Even former President Barack Obama spoke out against the short-term nature of the reporting requirements in 2015.
"It is not the fact that you report quarterly that is the problem; it's a bad management team", he said.
"This is not something he can change with an executive order", he added. She pointed out that it had the support of many CEOs, including the Business Roundtable, an association of leading CEOs.
Nooyi confirmed on Friday she had made suggestions on how to encourage companies to have a more long-term view.
Studies on the subject are mixed.
Quarterly reporting by public companies has always been a cornerstone of US capital markets, with Wall Street analysts known for making closely monitored recommendations on buying or selling stock.

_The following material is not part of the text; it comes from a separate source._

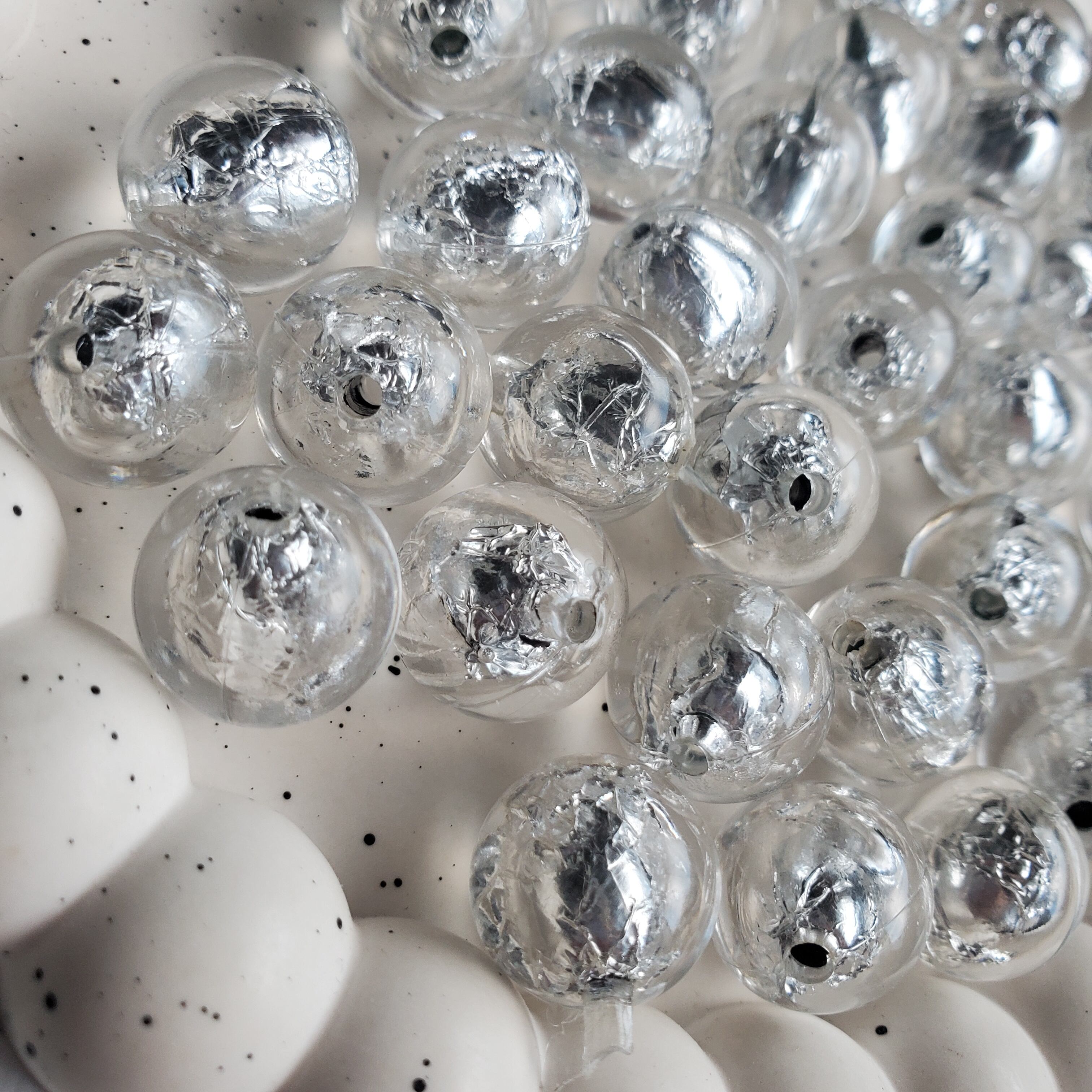 銀箔入りビーズ14㎜ 8個 No.BE284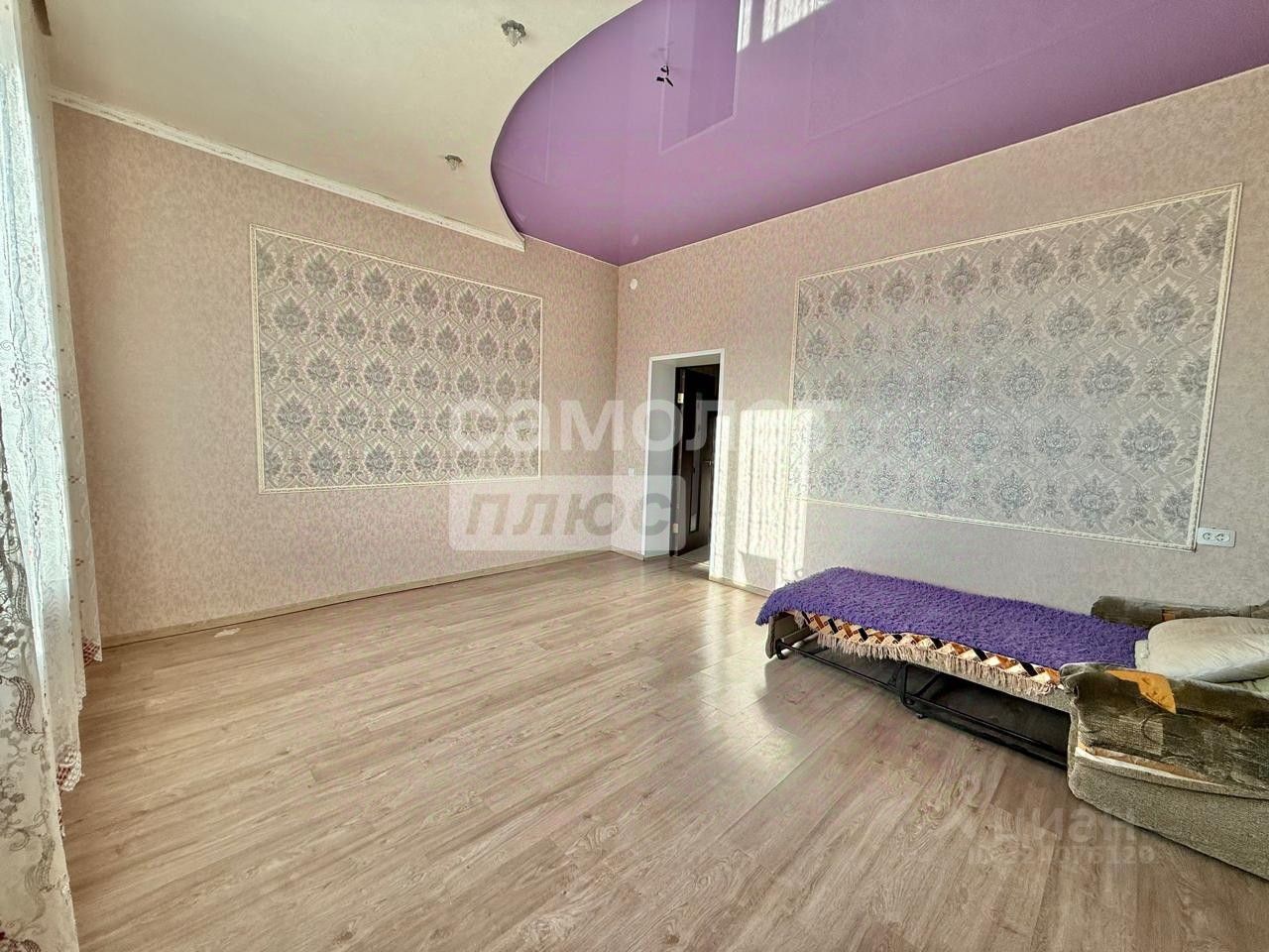 Дом имеет 4 комнаты: одна комната общая проходная - зал, 2 спальни. Сделан хороший ремонт. Теплые полы под плиткой. Высокие двухуровневые потолки. Качественные обои. Еще 1 комната нуждается в ремонте. Кухня большая 20 м2, высокие потолки.

What is clear is that investors are more reluctant to invest with companies when they have less information on their performance. Others said that the prospect of fewer financial reports could exacerbate price swings around earnings or fuel insider trading.
Quarterly reports are "early warning signs of other bigger problems", Elson said.
Half-yearly reporting would mark a huge change in USA disclosure requirements and put them in line with European Union and United Kingdom rules. "As an investor, I find it troubling". In 1996, nearly 950 companies went public, according to data compiled by Bloomberg. "[This is especially true] for companies in the consumer space - a lot can happen in six months". "My comments were made in that broader context, and included a suggestion to explore the harmonisation of the European system and the USA system of financial reporting".